Talking to the patients is one aspect of her work that Dr Santo really enjoys.  She also likes the fact that they leave the office feeling better than when they came in.

She and Dr Hans treat a whole range of foot problems: heel pain, occasional surgeries on bunions or hammer toes, and preventative care for diabetic patients, so that they won’t have to lose their feet in the future due to poor circulation or infections.

They treat ankle sprains and fractures, often caused by running.   And if a patient is wearing shoes that aggravate their problem, they let them know.  “For runners we usually recommend New Balance sneakers because they come a little bit wider and they have better arch support.”

Tough schedule

Dr Santo lives with her partner in New Jersey, having moved there after nine years living in Manhattan and then Queens.  She spends two to three hours a day commuting through traffic.  “That’s killing me!” she says.  But despite that she still would not want to move back into the city.

Once at the office she spends 12 hours there and treats between 20-30 patients.  The hardest part is the paperwork.  For each patient she sees, there are 10-15 minutes of paperwork, up to 30 minutes if the patient is new.   She takes a lot of the paperwork to finish at home.

Dr Santo takes a short lunch break but usually spends it in the office and has food delivered from one of the 30th Ave. restaurants.

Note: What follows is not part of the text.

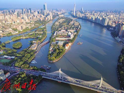 蓝天下的海印桥、二沙岛、东湖公园以及城市新中轴线。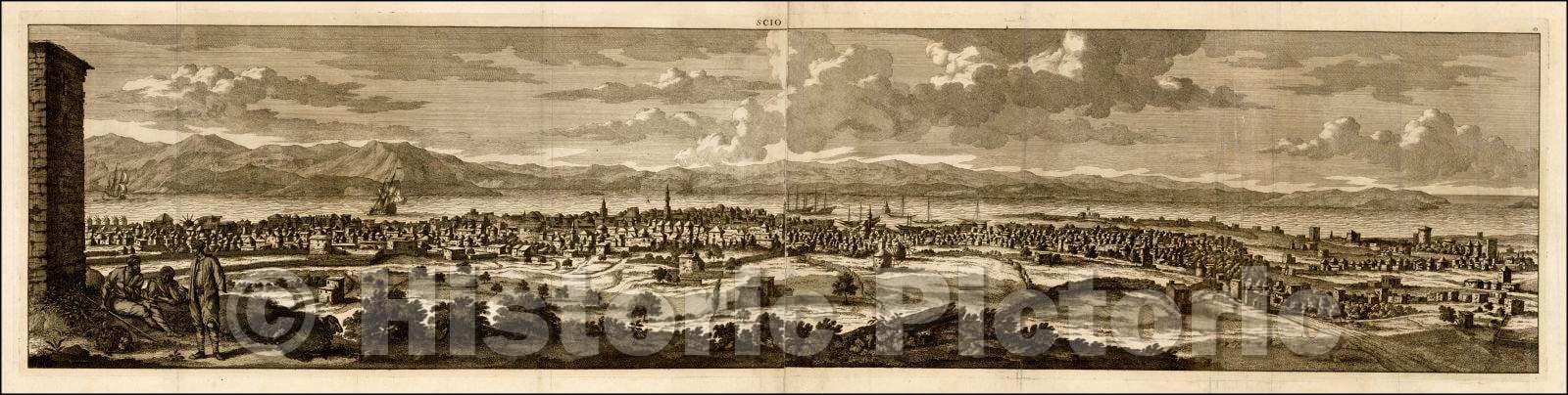 • .Historic Map - [Chios, Greece] Scio/View of Chiosl from De Bruyn's Reizen van Cornelis de Bruyn, 1698, Cornelis De Bruyn - Vintage Wall Art

Once a month, she and a girlfriend who works in the hospital meet on a Monday night for supper at the Indian restaurant, Ghandi.   “I love that place.  Even if it means eating late – and sometimes waiting around on my own for her if she finishes after me – I make it happen, at least once a month.”

What’s next

“I definitely want three kids, and I have to start soon!” says Dr Santo.  “I want two girls and a boy.  I already have their names and everything.”

Career-wise, Dr Santo says that in the future she would like to have her own practice: “It would have state-of-the-art everything.  And lots of rooms.  I would work there three times a week, and do surgery one day a week.  I might join a residency program where I could train other people to become podiatrists, do teaching lectures here and there.

“Perhaps some trauma work too.  But the problem with trauma is that you always have to be on call with your pager next to your hip.  So I’d probably just do trauma call once or twice a month.  That’s my ideal.  Oh and I’d dictate all of my charts instead of handwriting them. (laughs).”

How does Dr Santo plan to make this happen? “It will take some time, and a lot of energy.”